**PROBLEM DESCRIPTION**
With the pictures left out, print exactly the lines below that run from the one containing "- 18:00 – 20:00" through the one containing "为了让学生树立自我保护的意识".

**SOURCE MATERIAL**
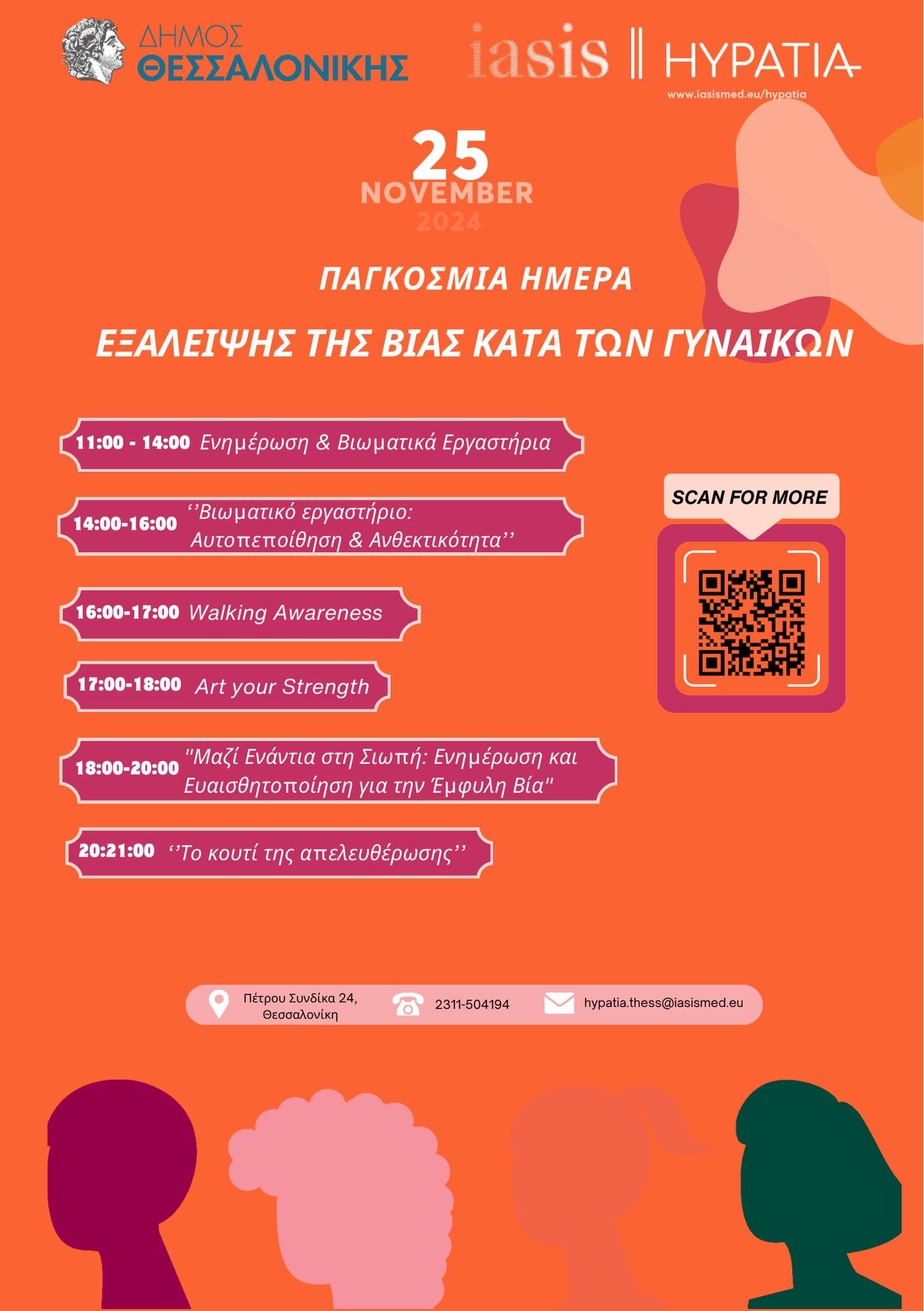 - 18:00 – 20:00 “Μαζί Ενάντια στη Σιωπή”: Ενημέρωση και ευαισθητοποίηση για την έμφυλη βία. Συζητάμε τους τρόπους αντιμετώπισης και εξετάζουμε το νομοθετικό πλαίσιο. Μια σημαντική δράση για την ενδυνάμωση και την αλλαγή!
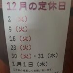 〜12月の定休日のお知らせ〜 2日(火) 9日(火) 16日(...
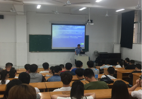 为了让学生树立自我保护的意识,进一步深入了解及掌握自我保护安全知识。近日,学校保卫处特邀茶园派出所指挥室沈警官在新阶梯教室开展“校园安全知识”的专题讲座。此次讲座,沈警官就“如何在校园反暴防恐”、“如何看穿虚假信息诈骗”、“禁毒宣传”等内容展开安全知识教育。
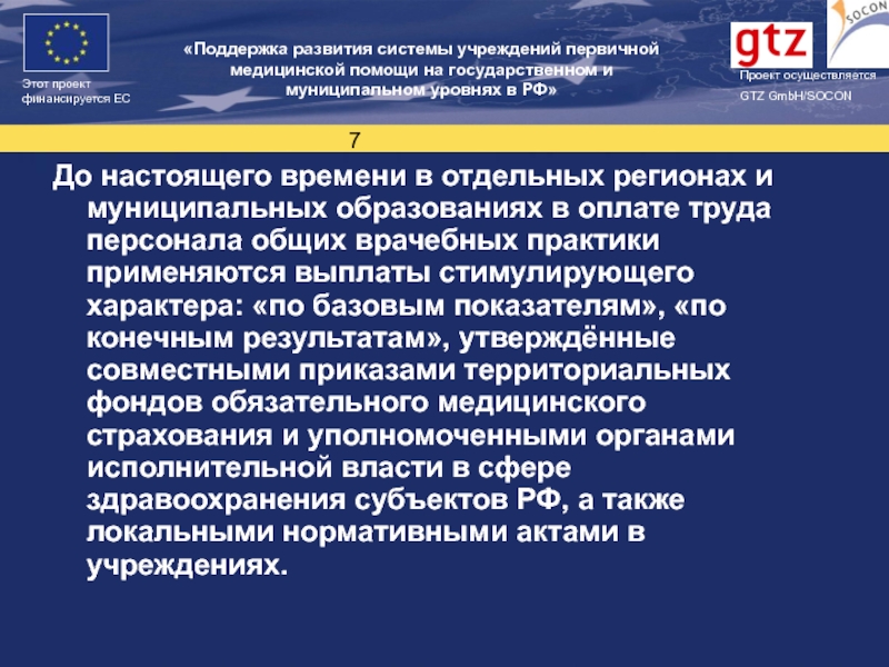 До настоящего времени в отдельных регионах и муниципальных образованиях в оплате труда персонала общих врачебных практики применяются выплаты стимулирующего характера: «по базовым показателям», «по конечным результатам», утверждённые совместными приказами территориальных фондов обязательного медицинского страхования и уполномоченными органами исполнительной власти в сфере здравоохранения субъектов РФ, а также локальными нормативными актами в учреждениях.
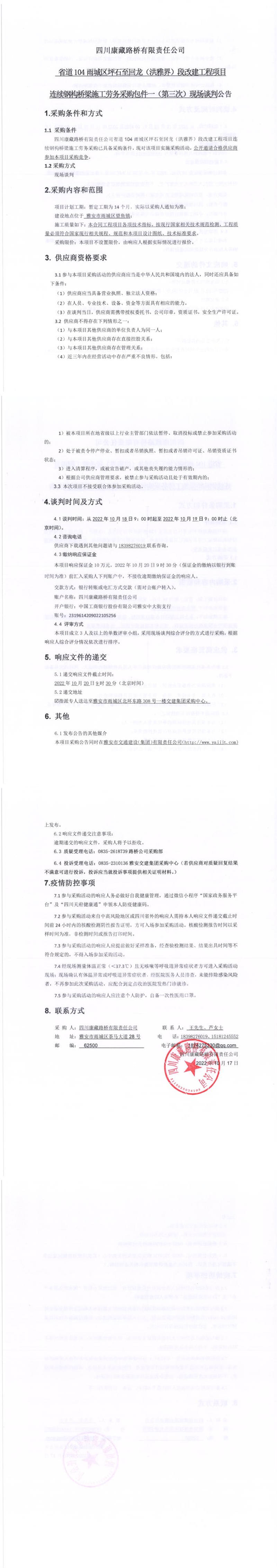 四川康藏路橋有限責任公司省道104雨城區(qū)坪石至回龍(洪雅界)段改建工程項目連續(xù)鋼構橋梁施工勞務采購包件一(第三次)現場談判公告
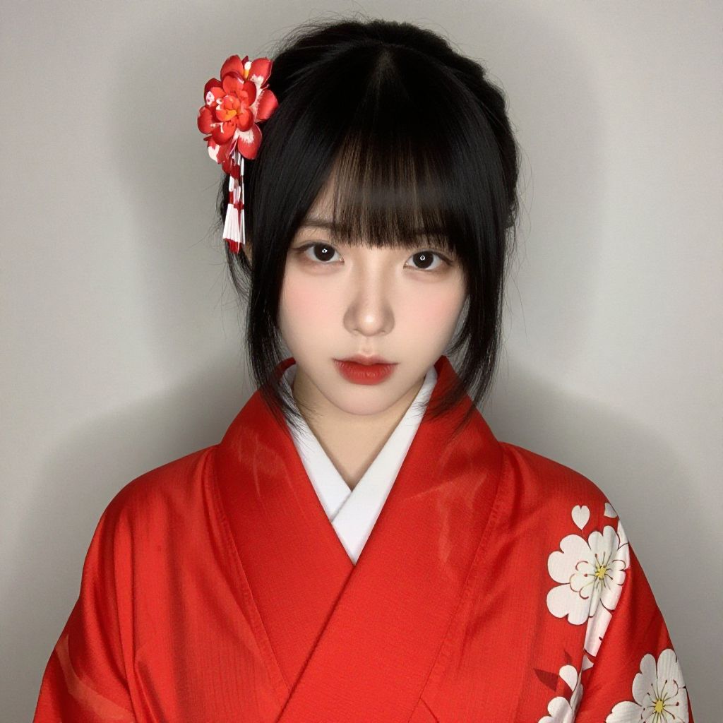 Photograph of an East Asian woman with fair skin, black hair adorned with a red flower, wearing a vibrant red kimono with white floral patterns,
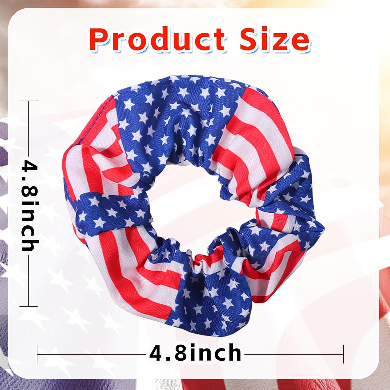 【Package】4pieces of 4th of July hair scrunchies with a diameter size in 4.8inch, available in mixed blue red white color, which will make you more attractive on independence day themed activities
---
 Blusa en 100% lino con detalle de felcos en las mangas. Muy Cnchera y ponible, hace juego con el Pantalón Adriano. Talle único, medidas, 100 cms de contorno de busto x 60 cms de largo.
---
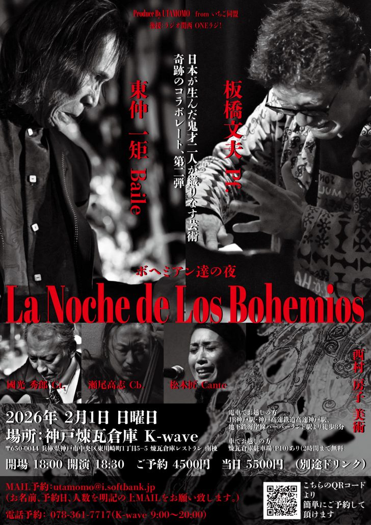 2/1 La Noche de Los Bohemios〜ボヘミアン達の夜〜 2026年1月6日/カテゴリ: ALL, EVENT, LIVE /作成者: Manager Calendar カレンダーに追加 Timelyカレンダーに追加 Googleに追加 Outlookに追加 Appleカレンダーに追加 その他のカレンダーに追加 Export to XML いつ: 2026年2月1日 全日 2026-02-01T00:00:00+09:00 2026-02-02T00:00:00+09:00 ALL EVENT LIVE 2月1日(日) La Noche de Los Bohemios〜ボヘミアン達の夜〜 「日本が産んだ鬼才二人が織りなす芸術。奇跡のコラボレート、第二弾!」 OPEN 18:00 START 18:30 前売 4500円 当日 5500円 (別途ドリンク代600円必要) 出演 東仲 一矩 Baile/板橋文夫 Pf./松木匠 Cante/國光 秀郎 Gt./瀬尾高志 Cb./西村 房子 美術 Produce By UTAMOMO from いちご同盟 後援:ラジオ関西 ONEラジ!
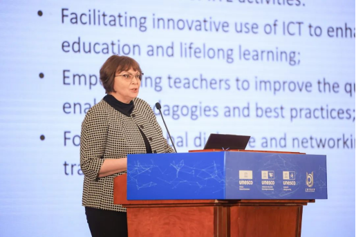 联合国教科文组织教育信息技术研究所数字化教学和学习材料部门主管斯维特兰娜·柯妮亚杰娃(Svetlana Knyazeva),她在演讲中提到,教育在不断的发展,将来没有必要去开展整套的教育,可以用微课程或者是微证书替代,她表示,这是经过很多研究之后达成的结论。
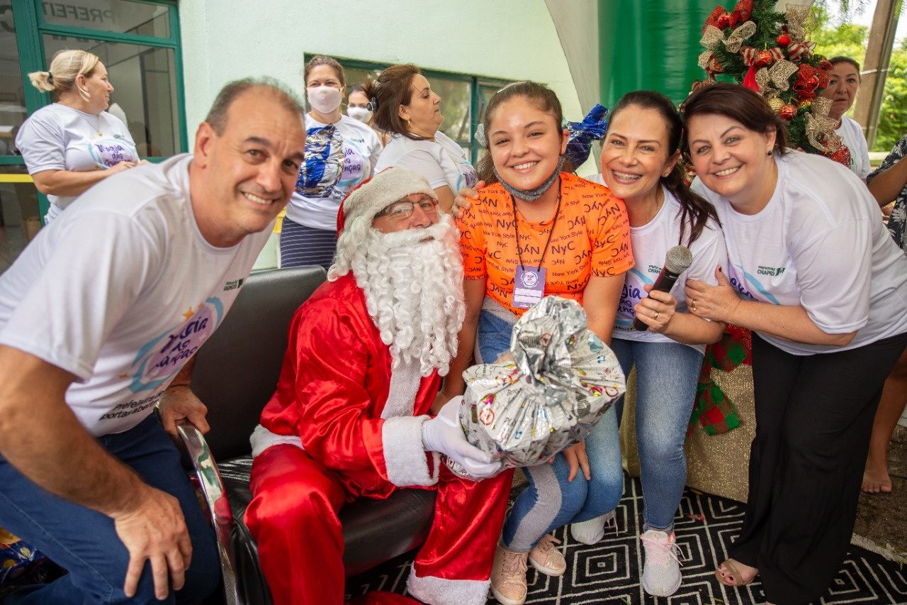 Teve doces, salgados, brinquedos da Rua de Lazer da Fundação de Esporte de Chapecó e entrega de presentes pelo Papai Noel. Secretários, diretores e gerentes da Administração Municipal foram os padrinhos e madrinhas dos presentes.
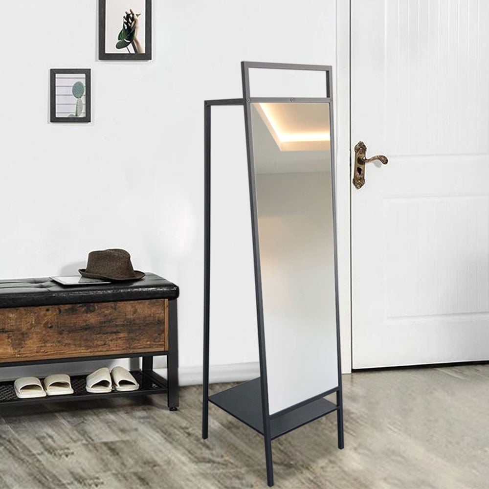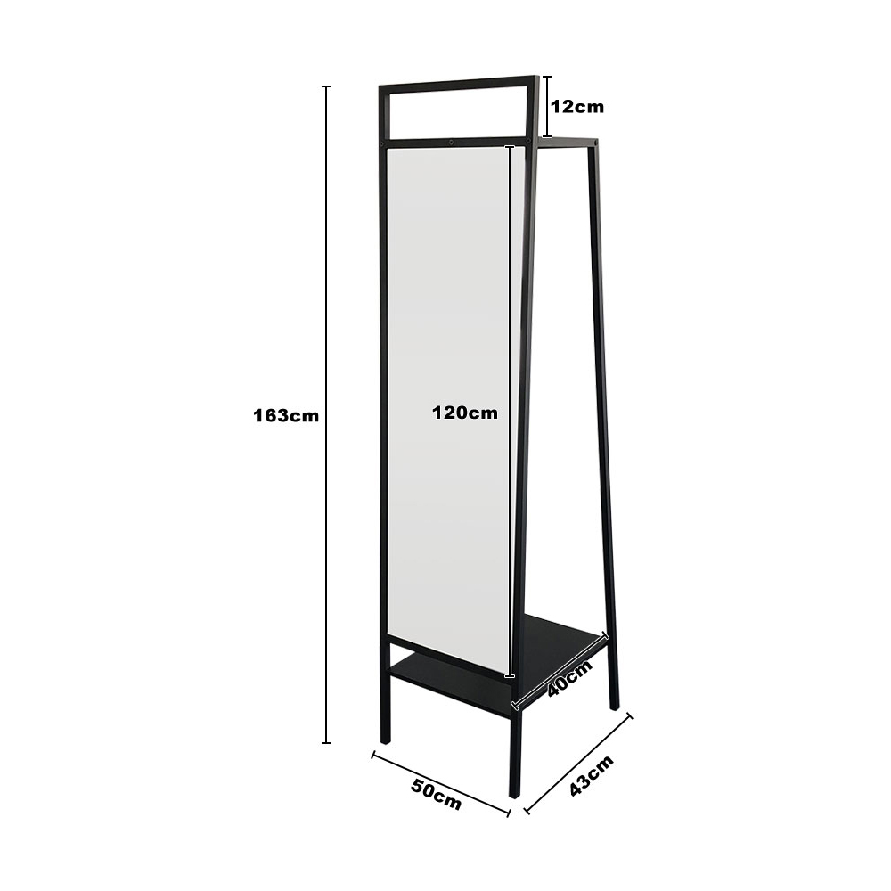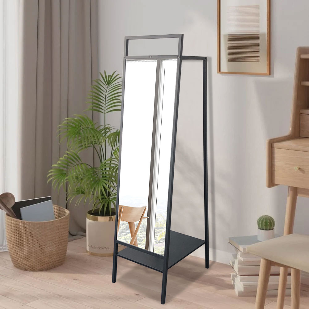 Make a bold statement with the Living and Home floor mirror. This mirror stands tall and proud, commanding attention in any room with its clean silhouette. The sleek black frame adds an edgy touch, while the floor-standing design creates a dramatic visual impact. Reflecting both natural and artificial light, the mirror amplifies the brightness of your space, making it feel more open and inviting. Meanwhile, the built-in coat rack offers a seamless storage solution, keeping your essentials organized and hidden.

**TASK RESULT**
 - 18:00 – 20:00 “Μαζί Ενάντια στη Σιωπή”: Ενημέρωση και ευαισθητοποίηση για την έμφυλη βία. Συζητάμε τους τρόπους αντιμετώπισης και εξετάζουμε το νομοθετικό πλαίσιο. Μια σημαντική δράση για την ενδυνάμωση και την αλλαγή!
 〜12月の定休日のお知らせ〜 2日(火) 9日(火) 16日(...
 为了让学生树立自我保护的意识,进一步深入了解及掌握自我保护安全知识。近日,学校保卫处特邀茶园派出所指挥室沈警官在新阶梯教室开展“校园安全知识”的专题讲座。此次讲座,沈警官就“如何在校园反暴防恐”、“如何看穿虚假信息诈骗”、“禁毒宣传”等内容展开安全知识教育。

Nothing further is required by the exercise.